--- INFORMATION PROVIDED ---
※ ※ ※

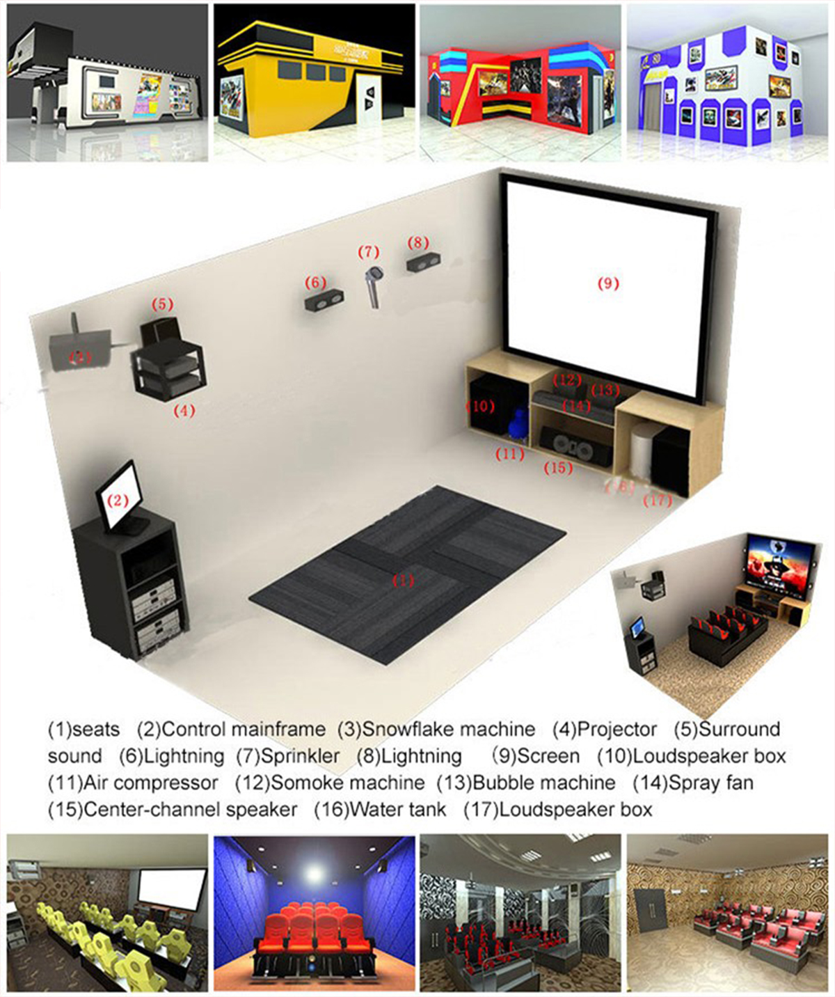 2) 7D cinema system, based on 5D cinema system, adds shooting game interactive technology with shooting guns and ranking system, which upgrade the whole 5D experience.
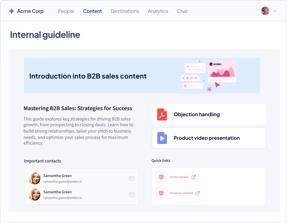 Organize internal information for your sales team —from product descriptions and battle cards to important contacts. Everything they need for customer conversations, in one place.
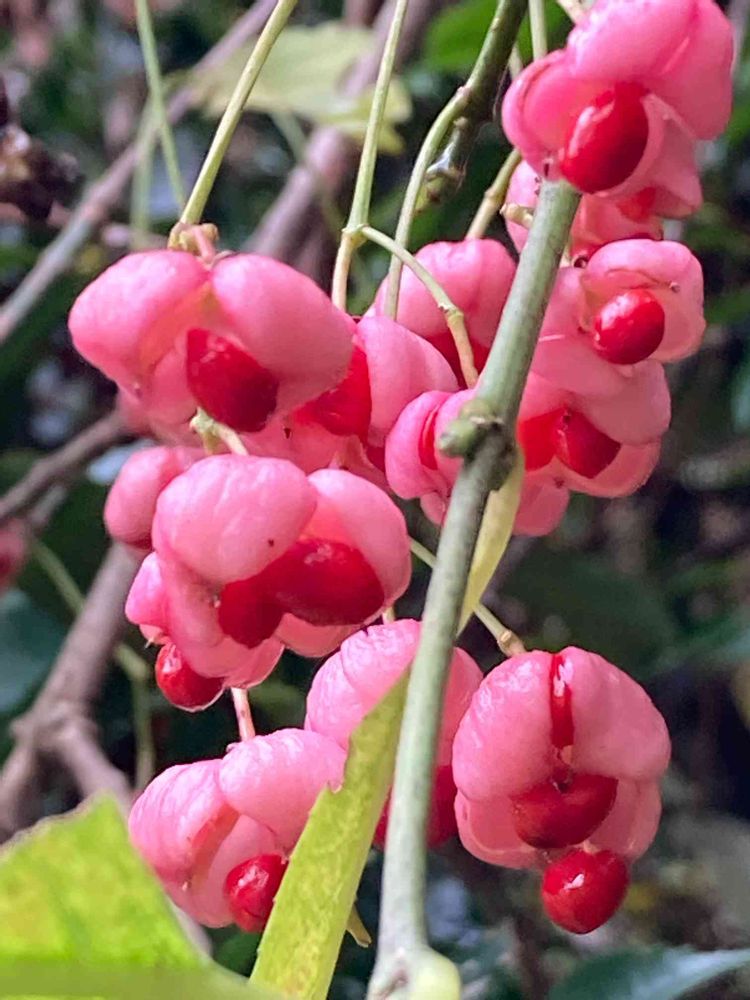 はみ出した真っ赤な種子が可愛い真弓さんですが、有毒植物誤食注意です⚠️

※ ※ ※

Everything from the line with "Organize internal information" through the last line above should be reproduced exactly, both ends included; pictures must be omitted.

 Organize internal information for your sales team —from product descriptions and battle cards to important contacts. Everything they need for customer conversations, in one place.
 はみ出した真っ赤な種子が可愛い真弓さんですが、有毒植物誤食注意です⚠️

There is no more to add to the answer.